Cudeck, R. and O'Dell, L. (1994) "Applications of standard error estimates in unrestricted factor analysis: Significance Tests for factor loadings and correlations" Psychological Bulletin This paper argues that the >.3 cutoff is too simplistic and provides a method for significance testing of rotated loadings.

Degrees of freedom in the exploratory factor analysis model

$\Lambda$ has p*q parameters
$\Psi$ has p parameters
Recall that the degrees of freedom equal p*(p+1)/2 minus the number of parameters that are being estimated freely.
Because of rotation, a set of restrictions needs to placed on the parameters so that the software knows which version of $\Lambda$ to estimate.

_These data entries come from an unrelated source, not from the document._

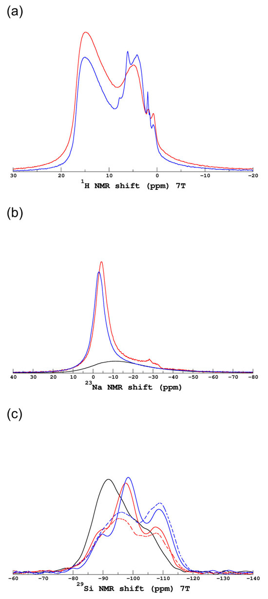 (a) 1H, (b) 23Na, and (c) 29Si MAS NMR spectra of the GP-15m powder before (red line) and after (blue line) rinsing at 20 °C. All samples were heat-treated at 150 °C before the NMR measurements. For 29Si NMR spectra, the GP-15m powders were measured before (continuous line) and after (dotted line) the heat treatment at 150 °C. The solid black lines depict the spectra of the pristine glass.
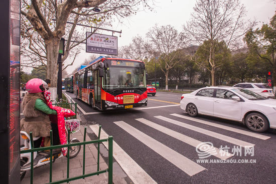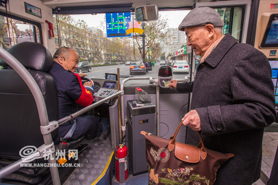 “上車時包放在前面,手機(jī)拿在手上,請把扶手扶好。”“請給老人、小孩等有需要的乘客讓個座。”“武林門站站到了,可以換乘290路、155路。”“大包行李請往后拿。”“下車時行李包不要忘記。”
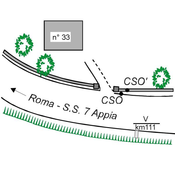 | Contrassegni | [{"simbolo_contrassegno":"B1","materializzazione":"(CSO) Bullone infisso nel muro di recinzione in c.a, a destra dell'accesso alla propriet\u00e0 col numero civico 33."},{"simbolo_contrassegno":"B4","materializzazione":"(CSO') Bulloncino Inox di tipo GPS infisso sulla sommit\u00e0 dello stesso muro, in prossimit\u00e0 del CSO."}] |
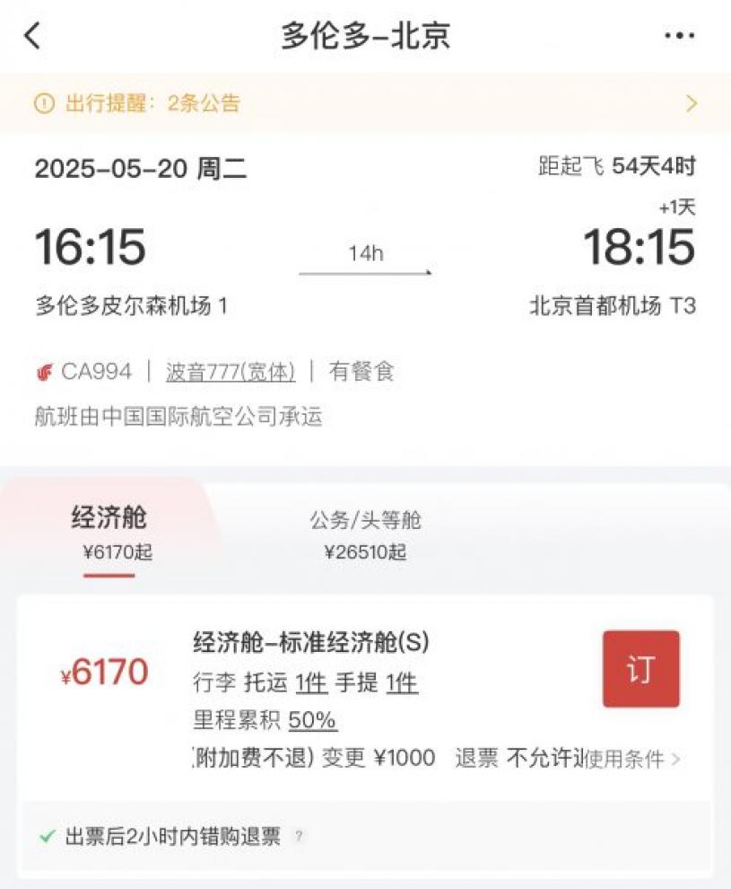 自5月20日起,中国国际航空公司正式开通每周两班的北京一多伦多航线,逢每周二、六飞,国航APP现在已经开始售票。
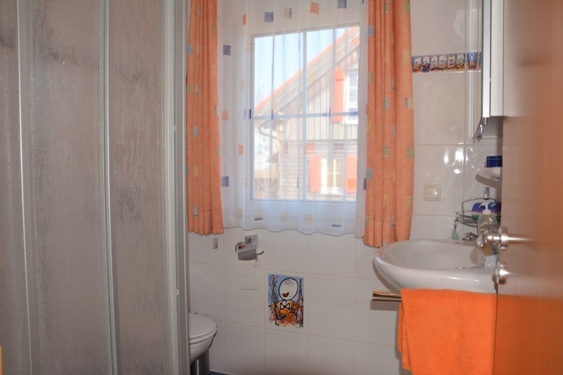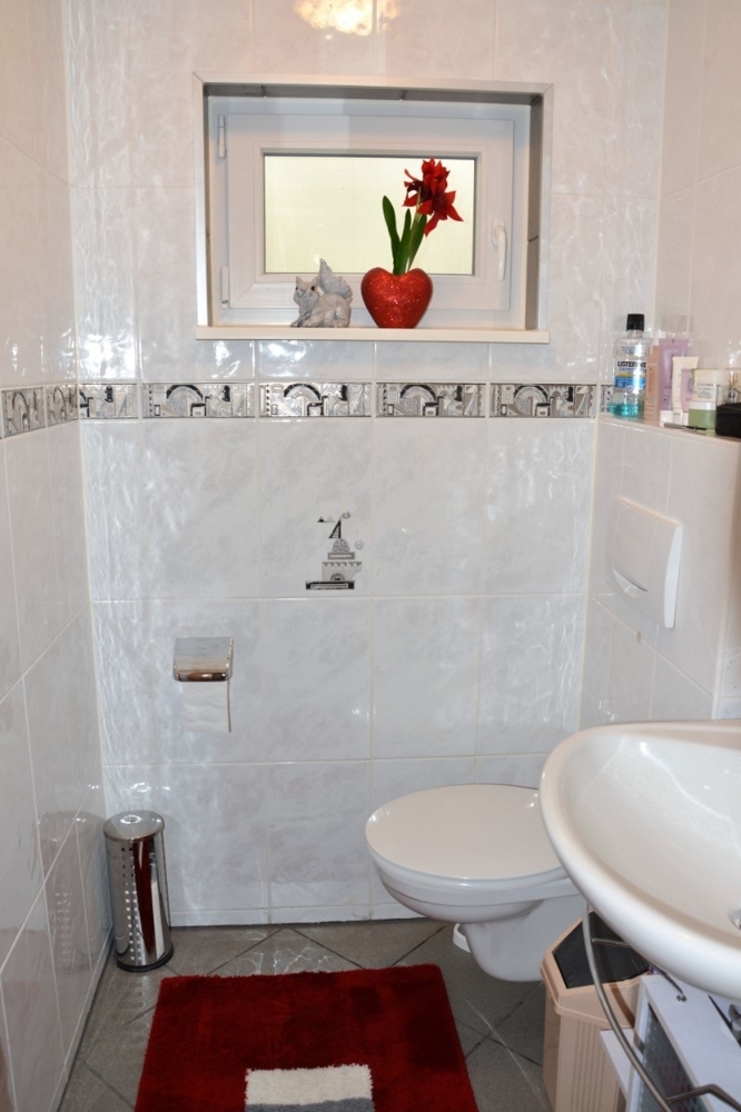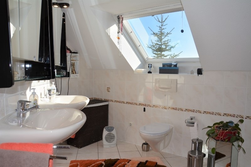 Vervollständigt wird der Schlafbereich im Dachgeschoss mit einem großen Familienbad, welches mit 2 Waschbecken, Dusche, Eckbadewanne und WC ausgestattet ist.

SAS Proc Factor assumes that $\Lambda^\prime \Psi^{-1} \Lambda$ is diagonal. (i.e. it places q*(q-1)/2 restrictions on the parameters in $\Sigma$ .
So d.f. = p*(p+1)/2 - (p*q + p) + q*(q-1)/2

SAS Proc Factor Example using the visual perception/ reading skills data - Handouts in class.

1. Output from Proc Factor (handout)

2. Picturing rotation (handout)

Degrees of freedom for the visual perception/ reading skills data using exploratory factor analysis with 2 factors:

p = 6 (observed variables)

q = 2 (latent factors)

d.f. = 6*7/2 - (6*2+6) + 2*1/2 = 21 - 18 + 1 = 4